= Your instructions =
No pictures should appear in the copy. Reproduce exactly the lines from the one containing "This custom 14k" through the end of the material below.

= Dataset extract =

* * * *

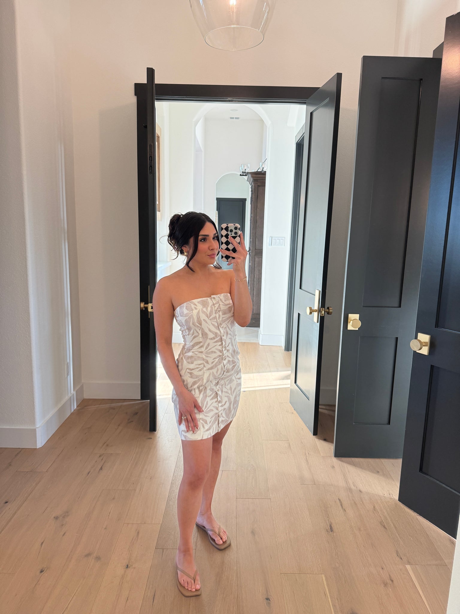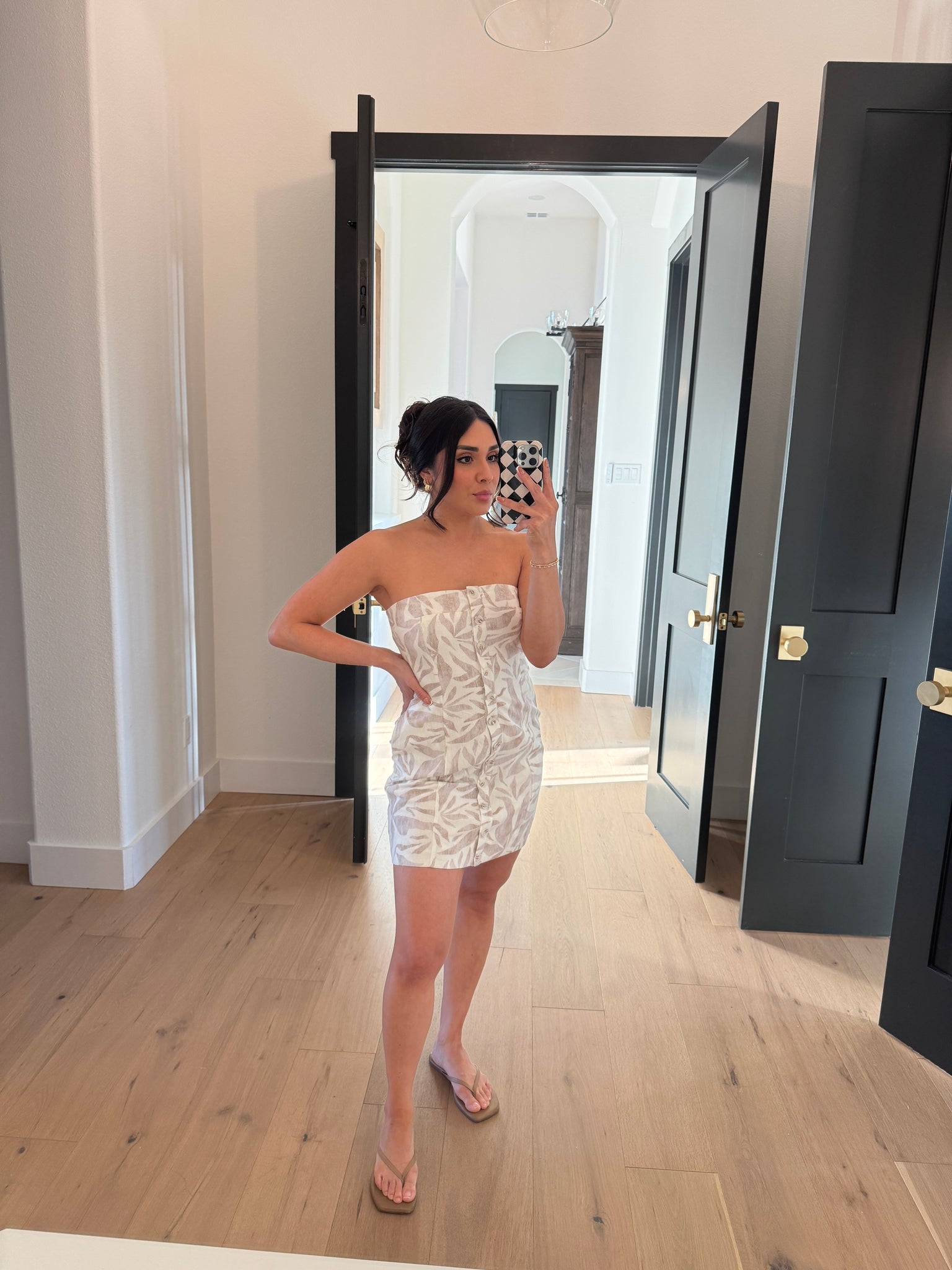 CORALINE BUTTON MINI DRESS | NEUTRAL
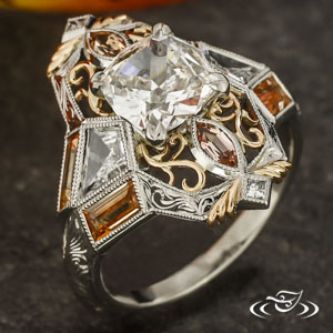 This custom 14k rose gold dragon ring is truly a one-of-a-kind work of art. At the heart of this captivating piece are two shield-shaped stones, one padparadscha colored sapphire and one color change alexandrite, that form the majestic wings of the dragon. The dragon’s tail is adorned with a dazzling pear cut sapphire,
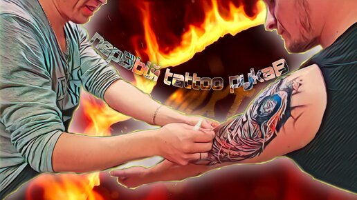 Первый tattoo-рукав ✪ Иисус с ангелом и роза с живыми каплями

* * * *

= Exercise answer =
 This custom 14k rose gold dragon ring is truly a one-of-a-kind work of art. At the heart of this captivating piece are two shield-shaped stones, one padparadscha colored sapphire and one color change alexandrite, that form the majestic wings of the dragon. The dragon’s tail is adorned with a dazzling pear cut sapphire,
 Первый tattoo-рукав ✪ Иисус с ангелом и роза с живыми каплями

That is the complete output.